Provided entries =
▬▬▬
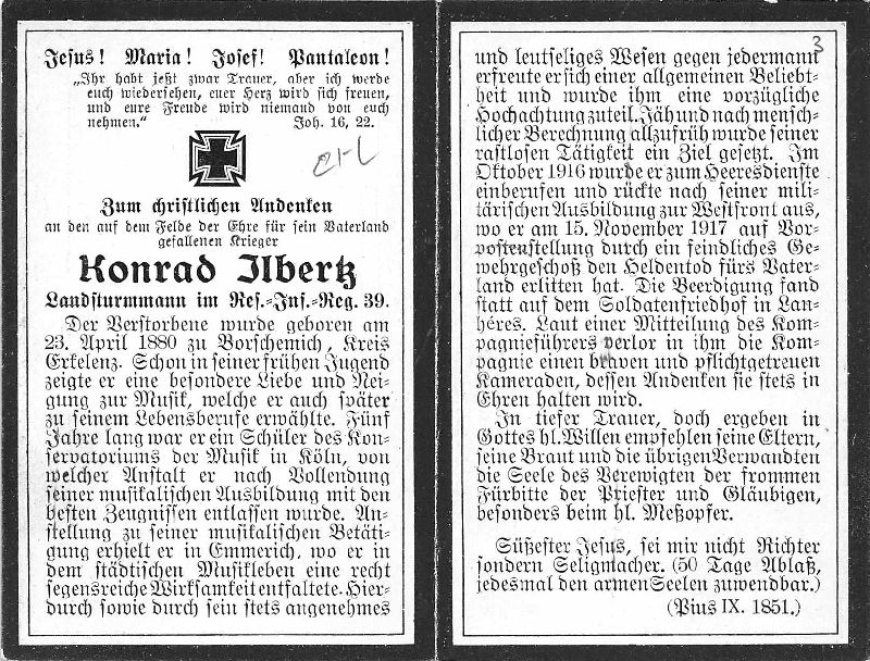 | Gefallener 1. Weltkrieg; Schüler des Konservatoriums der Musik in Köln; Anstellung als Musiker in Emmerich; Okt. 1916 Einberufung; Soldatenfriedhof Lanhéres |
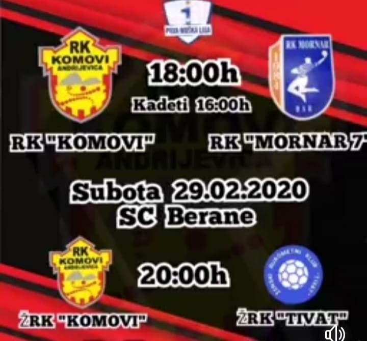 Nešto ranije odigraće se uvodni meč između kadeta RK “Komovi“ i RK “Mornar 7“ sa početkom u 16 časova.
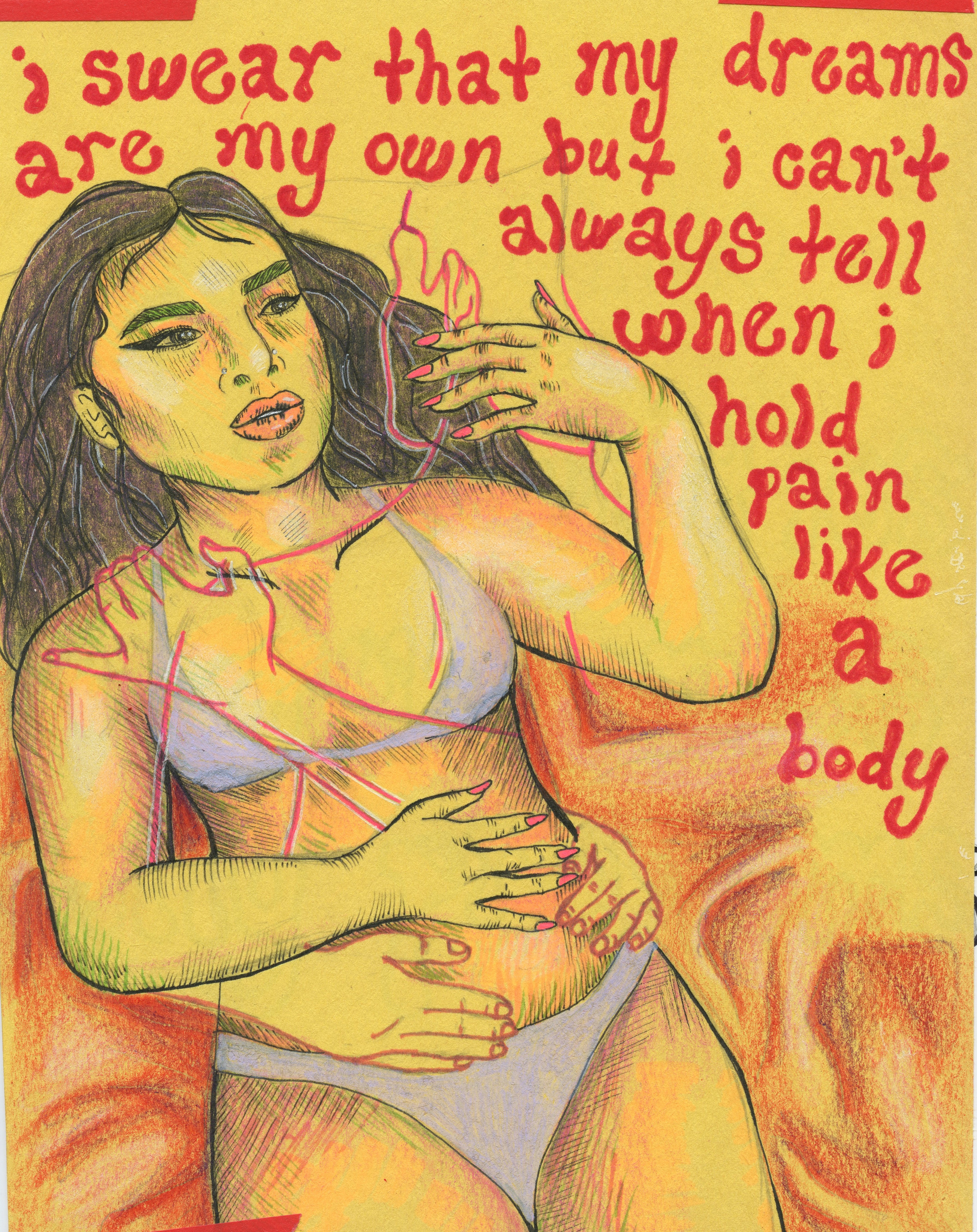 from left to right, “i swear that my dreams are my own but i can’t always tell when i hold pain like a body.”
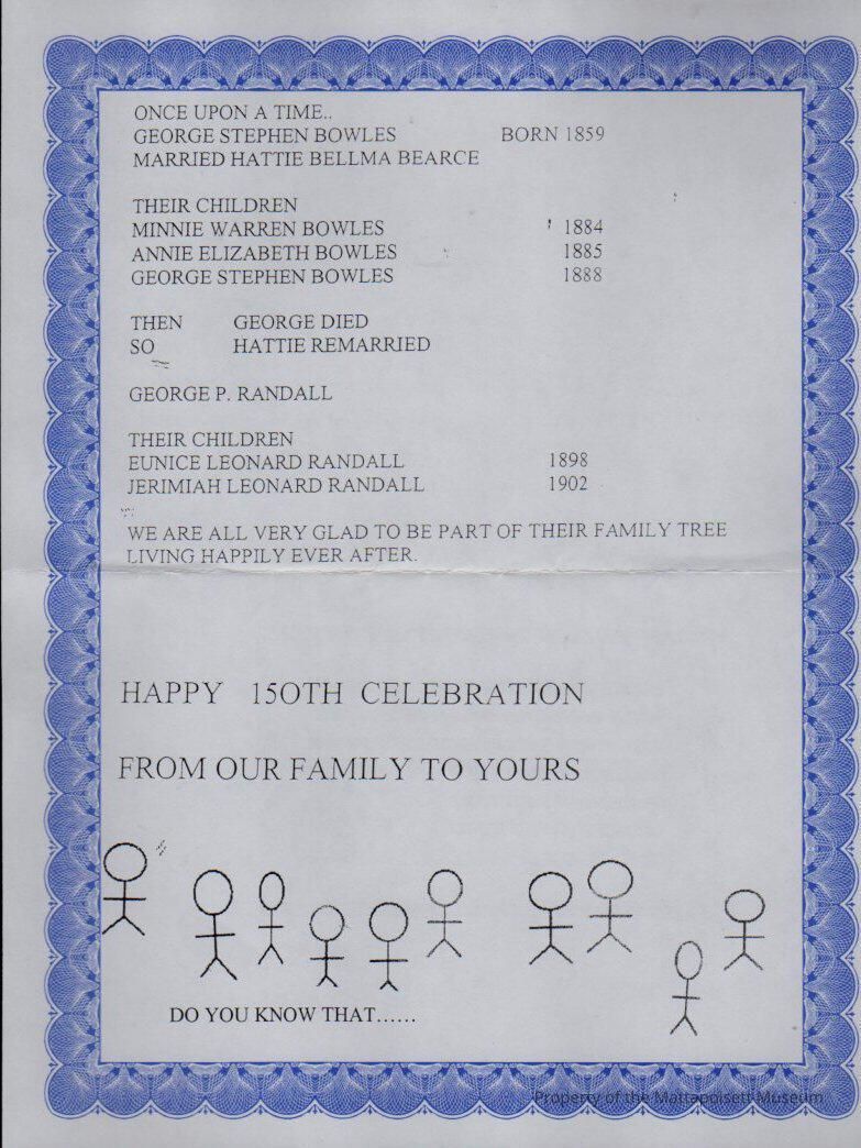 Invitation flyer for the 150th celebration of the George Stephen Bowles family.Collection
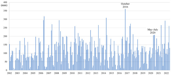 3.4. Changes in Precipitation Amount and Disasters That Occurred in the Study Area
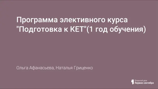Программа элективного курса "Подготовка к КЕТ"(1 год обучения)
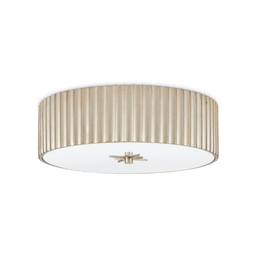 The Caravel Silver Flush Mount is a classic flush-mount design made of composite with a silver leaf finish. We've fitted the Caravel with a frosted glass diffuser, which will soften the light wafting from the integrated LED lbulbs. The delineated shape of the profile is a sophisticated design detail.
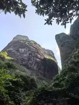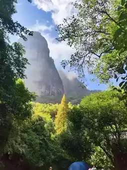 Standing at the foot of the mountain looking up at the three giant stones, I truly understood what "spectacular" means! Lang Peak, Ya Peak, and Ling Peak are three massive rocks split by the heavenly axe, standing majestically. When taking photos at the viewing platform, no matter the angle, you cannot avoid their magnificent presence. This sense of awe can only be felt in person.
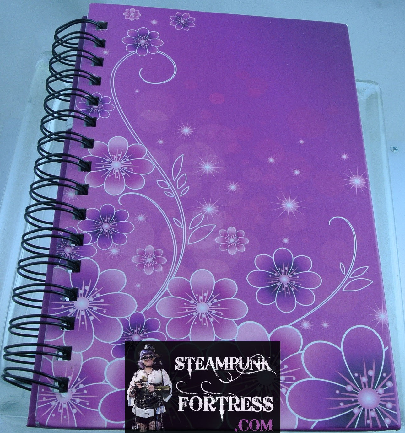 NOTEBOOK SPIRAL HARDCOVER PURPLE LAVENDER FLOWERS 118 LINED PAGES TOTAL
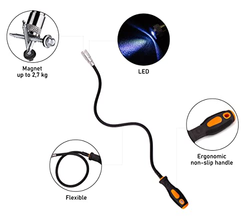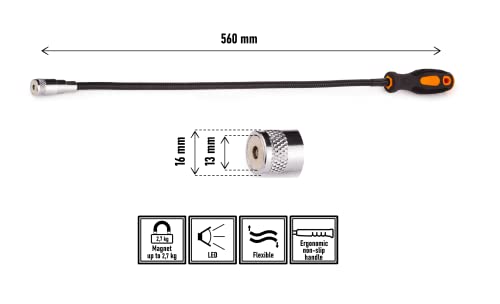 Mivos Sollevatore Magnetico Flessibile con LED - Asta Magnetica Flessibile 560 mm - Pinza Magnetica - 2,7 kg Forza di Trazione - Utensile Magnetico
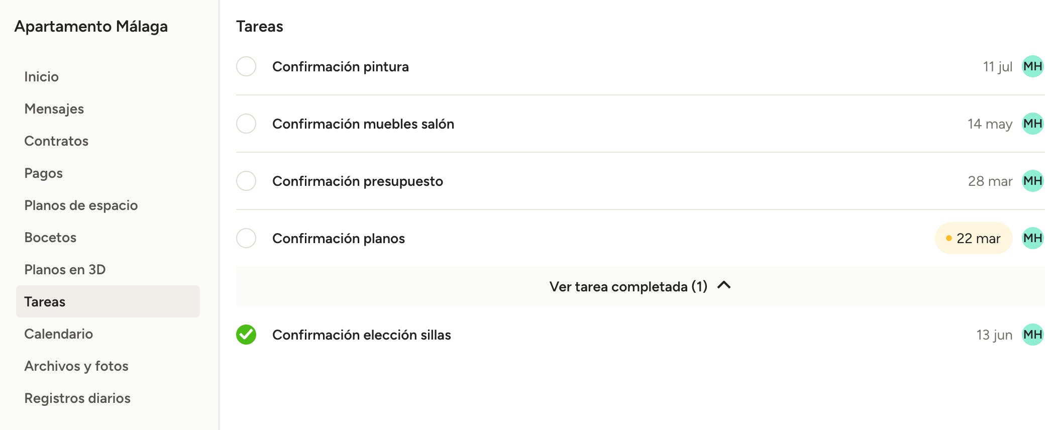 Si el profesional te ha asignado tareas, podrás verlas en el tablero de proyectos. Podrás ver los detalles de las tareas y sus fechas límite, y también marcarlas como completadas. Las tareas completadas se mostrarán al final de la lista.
▬▬▬
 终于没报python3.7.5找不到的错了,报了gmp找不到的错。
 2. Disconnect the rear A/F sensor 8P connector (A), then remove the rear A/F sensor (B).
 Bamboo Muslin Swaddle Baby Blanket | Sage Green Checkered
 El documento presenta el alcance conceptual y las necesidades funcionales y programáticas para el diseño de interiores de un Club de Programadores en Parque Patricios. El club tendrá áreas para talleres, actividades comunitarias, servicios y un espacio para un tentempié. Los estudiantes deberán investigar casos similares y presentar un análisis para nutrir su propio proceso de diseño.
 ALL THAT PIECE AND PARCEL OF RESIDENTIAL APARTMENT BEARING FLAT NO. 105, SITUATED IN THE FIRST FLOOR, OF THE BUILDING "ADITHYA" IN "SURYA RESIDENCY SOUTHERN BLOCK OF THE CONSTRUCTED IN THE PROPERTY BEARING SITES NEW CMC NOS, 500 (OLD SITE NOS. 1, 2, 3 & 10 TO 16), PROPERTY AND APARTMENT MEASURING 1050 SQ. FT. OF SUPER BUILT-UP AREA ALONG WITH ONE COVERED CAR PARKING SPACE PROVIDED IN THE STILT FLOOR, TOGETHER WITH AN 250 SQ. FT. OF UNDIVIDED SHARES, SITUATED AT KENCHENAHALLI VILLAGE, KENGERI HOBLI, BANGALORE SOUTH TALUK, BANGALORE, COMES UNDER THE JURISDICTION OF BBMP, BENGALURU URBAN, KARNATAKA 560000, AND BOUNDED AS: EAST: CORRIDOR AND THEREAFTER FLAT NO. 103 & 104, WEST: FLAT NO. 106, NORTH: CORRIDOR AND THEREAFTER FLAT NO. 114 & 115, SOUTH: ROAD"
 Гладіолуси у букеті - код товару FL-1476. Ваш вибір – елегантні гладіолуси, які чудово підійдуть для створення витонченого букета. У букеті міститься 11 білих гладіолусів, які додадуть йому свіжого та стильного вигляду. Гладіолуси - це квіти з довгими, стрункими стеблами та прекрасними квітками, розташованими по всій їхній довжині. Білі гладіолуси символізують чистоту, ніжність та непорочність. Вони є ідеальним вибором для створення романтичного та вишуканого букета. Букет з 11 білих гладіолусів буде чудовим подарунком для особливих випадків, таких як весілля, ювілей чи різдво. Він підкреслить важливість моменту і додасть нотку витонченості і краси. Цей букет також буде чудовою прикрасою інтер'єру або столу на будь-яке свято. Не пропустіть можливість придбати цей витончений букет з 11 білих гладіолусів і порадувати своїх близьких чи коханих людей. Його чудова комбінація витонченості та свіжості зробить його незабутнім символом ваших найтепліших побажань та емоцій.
▬▬▬
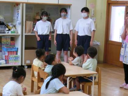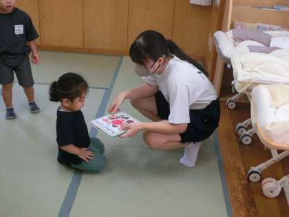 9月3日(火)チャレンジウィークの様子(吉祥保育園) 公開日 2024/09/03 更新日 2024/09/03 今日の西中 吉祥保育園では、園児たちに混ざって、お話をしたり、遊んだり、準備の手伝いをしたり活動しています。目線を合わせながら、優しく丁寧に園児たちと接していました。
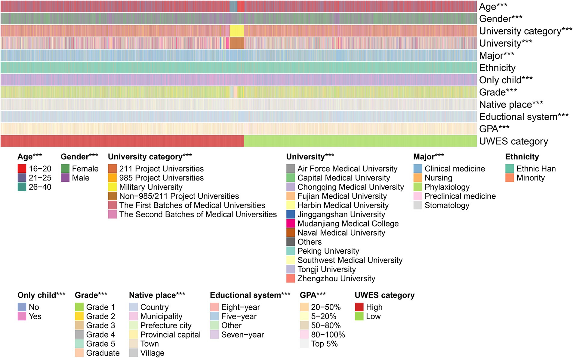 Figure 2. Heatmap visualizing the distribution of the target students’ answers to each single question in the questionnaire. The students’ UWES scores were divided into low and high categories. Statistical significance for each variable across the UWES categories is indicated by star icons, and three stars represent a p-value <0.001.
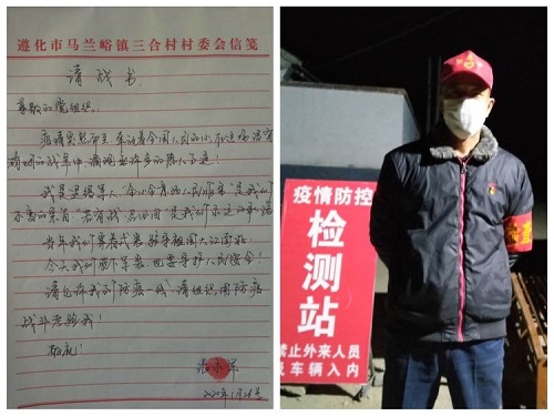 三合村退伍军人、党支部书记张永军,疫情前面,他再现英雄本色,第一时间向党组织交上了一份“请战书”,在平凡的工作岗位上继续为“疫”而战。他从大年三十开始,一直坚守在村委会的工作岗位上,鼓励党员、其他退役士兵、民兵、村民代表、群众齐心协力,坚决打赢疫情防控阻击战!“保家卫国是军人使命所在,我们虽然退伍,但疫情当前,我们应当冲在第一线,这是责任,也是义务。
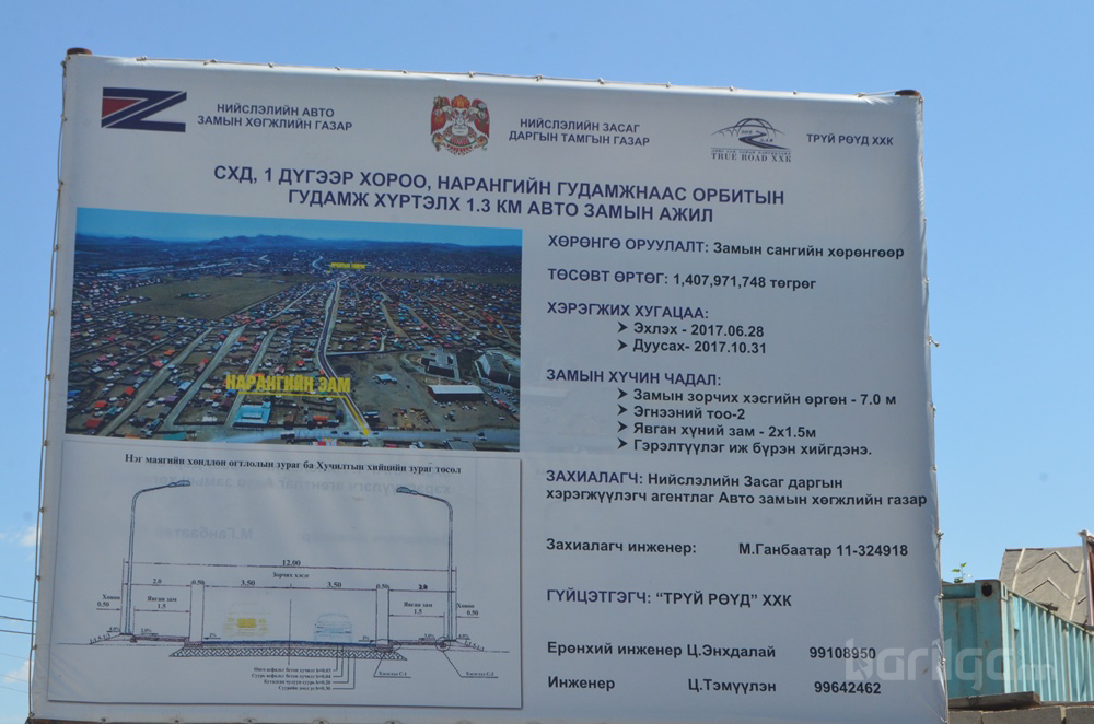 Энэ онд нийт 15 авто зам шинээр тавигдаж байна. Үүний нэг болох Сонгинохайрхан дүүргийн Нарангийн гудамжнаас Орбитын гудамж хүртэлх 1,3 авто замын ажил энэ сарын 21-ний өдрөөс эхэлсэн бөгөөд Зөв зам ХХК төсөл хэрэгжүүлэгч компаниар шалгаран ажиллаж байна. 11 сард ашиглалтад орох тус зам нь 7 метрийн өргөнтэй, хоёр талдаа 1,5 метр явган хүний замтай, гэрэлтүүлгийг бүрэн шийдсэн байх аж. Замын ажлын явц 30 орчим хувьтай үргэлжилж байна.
▬▬▬
Task objective =
Look through the entries above and quote exactly the lines from the line with "Bamboo Muslin Swaddle" to the line with "Гладіолуси у букеті", counting both of those lines.

Answer to the problem =
 Bamboo Muslin Swaddle Baby Blanket | Sage Green Checkered
 El documento presenta el alcance conceptual y las necesidades funcionales y programáticas para el diseño de interiores de un Club de Programadores en Parque Patricios. El club tendrá áreas para talleres, actividades comunitarias, servicios y un espacio para un tentempié. Los estudiantes deberán investigar casos similares y presentar un análisis para nutrir su propio proceso de diseño.
 ALL THAT PIECE AND PARCEL OF RESIDENTIAL APARTMENT BEARING FLAT NO. 105, SITUATED IN THE FIRST FLOOR, OF THE BUILDING "ADITHYA" IN "SURYA RESIDENCY SOUTHERN BLOCK OF THE CONSTRUCTED IN THE PROPERTY BEARING SITES NEW CMC NOS, 500 (OLD SITE NOS. 1, 2, 3 & 10 TO 16), PROPERTY AND APARTMENT MEASURING 1050 SQ. FT. OF SUPER BUILT-UP AREA ALONG WITH ONE COVERED CAR PARKING SPACE PROVIDED IN THE STILT FLOOR, TOGETHER WITH AN 250 SQ. FT. OF UNDIVIDED SHARES, SITUATED AT KENCHENAHALLI VILLAGE, KENGERI HOBLI, BANGALORE SOUTH TALUK, BANGALORE, COMES UNDER THE JURISDICTION OF BBMP, BENGALURU URBAN, KARNATAKA 560000, AND BOUNDED AS: EAST: CORRIDOR AND THEREAFTER FLAT NO. 103 & 104, WEST: FLAT NO. 106, NORTH: CORRIDOR AND THEREAFTER FLAT NO. 114 & 115, SOUTH: ROAD"
 Гладіолуси у букеті - код товару FL-1476. Ваш вибір – елегантні гладіолуси, які чудово підійдуть для створення витонченого букета. У букеті міститься 11 білих гладіолусів, які додадуть йому свіжого та стильного вигляду. Гладіолуси - це квіти з довгими, стрункими стеблами та прекрасними квітками, розташованими по всій їхній довжині. Білі гладіолуси символізують чистоту, ніжність та непорочність. Вони є ідеальним вибором для створення романтичного та вишуканого букета. Букет з 11 білих гладіолусів буде чудовим подарунком для особливих випадків, таких як весілля, ювілей чи різдво. Він підкреслить важливість моменту і додасть нотку витонченості і краси. Цей букет також буде чудовою прикрасою інтер'єру або столу на будь-яке свято. Не пропустіть можливість придбати цей витончений букет з 11 білих гладіолусів і порадувати своїх близьких чи коханих людей. Його чудова комбінація витонченості та свіжості зробить його незабутнім символом ваших найтепліших побажань та емоцій.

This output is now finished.